ASSIM SE FAZENDO INTEIRA E SÃ
JUSTIÇA!!!!

O recurso foi admitido a subir imediatamente, nos próprios autos, com efeito suspensivo.

Respondeu o Digno Procurador Adjunto, manifestando-se pela improcedência do recurso.

Nesta instância o Exmº Procurador-Geral Adjunto emitiu douto parecer no qual se manifesta pela improcedência do recurso.

Colhidos os vistos legais e efectuada a conferência, cumpre agora decidir.

O recurso abrange matéria de direito e de facto uma vez que as declarações prestadas se encontram documentadas.

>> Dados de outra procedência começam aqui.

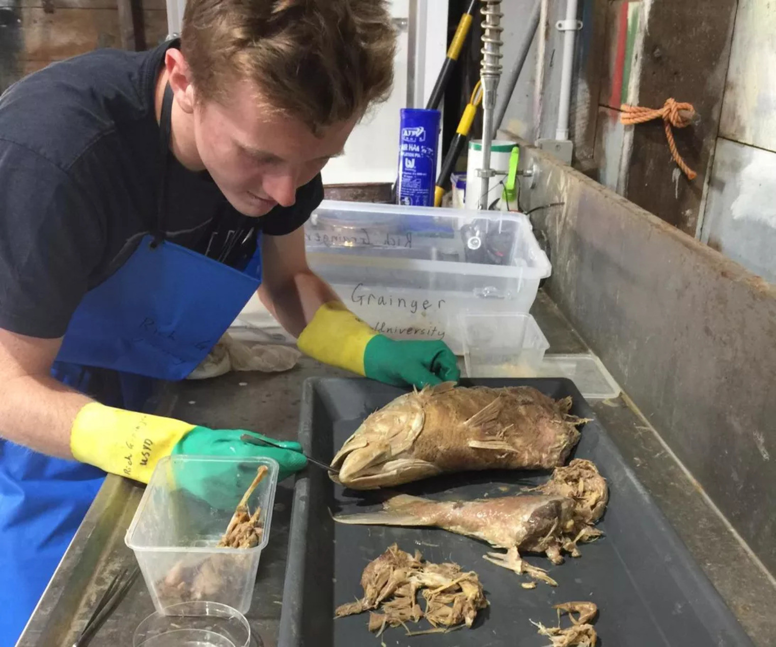 他是周日发表在《Frontiers in Marine Science》杂志上的一篇关于白鲨进食习惯研究的文章的首席作者。同日,悉尼大学还发布了一张展示对大白鲨胃内容物分析过程的照片。

Da discussão da causa resultaram provados os factos seguintes constantes da decisão recorrida:
1.º A arguida L é gerente e a arguida M é empregada de mesa e colaborante na gestão do estabelecimento de restauração denominado "Restaurante F..", sito …. Praia da Tocha, na área desta comarca.
2.º No dia 27 de Janeiro de 2010, pelas 14h40m, na sala de recepção dos clientes do referido restaurante, as arguidas tinham exposta uma ementa com a descrição dos pratos servidos no estabelecimento, constando da lista de pratos de
peixe disponíveis para confecção, além de outros, "cherne grelhado", com a indicação à frente do preço de 10,00 € /dose.
3.º Sucede, porém, que, naquele restaurante, as arguidas detinham apenas para confecção perca do Nilo, um peixe de aspecto e sabor semelhante ao cherne, mas de captura de água doce e de qualidade e preço inferiores, o qual se destinava a ser servido aos clientes, como se de cherne se tratasse.
4.º As arguidas agiram livre, voluntária e conscientemente, bem sabendo das semelhanças existentes entre a perca do Nilo e o cherne e a sua difícil distinção, procurando criar nos seus clientes a convicção de que estavam a consumir cherne, quando bem sabiam que tal não correspondia à verdade.
5.º Tinham perfeito conhecimento de que tais práticas eram proibidas e punidas por lei penal.
6.º As arguidas não têm antecedentes criminais.
7.º A arguida L tem o restaurante aberto há 32 anos, o qual goza de boa reputação e tem uma clientela fixa numerosa.
8.º No mês de Agosto, a época do ano de maior afluência ao restaurante, a arguida Licínia aufere de lucros a quantia aproximada de 50.000,00 €.
9.º A arguida L é proprietária de um veículo automóvel, da marca Mercedes, modelo Vite, com 10 anos.
10.º Completou o 4.º ano de escolaridade.
11.º A arguida M aufere o salário mínimo nacional e reside, a título gratuito, em casa da arguida L a qual também suporta as despesas com a sua alimentação.
12.º A arguida M despende, mensalmente, a quantia de 350,00 € para pagamento de serviços de assistência prestados ao seu pai.
13.º É proprietária de um veículo automóvel, da marca Opel, modelo Corsa, com cerca de 15 anos.
15.º Completou o 6.º ano de escolaridade.
16.º Ambas as arguidas são pessoas trabalhadoras e estimadas pelos clientes do restaurante.

Factos não provados
Não ficou por provar mais nenhum facto com relevo para a decisão da causa.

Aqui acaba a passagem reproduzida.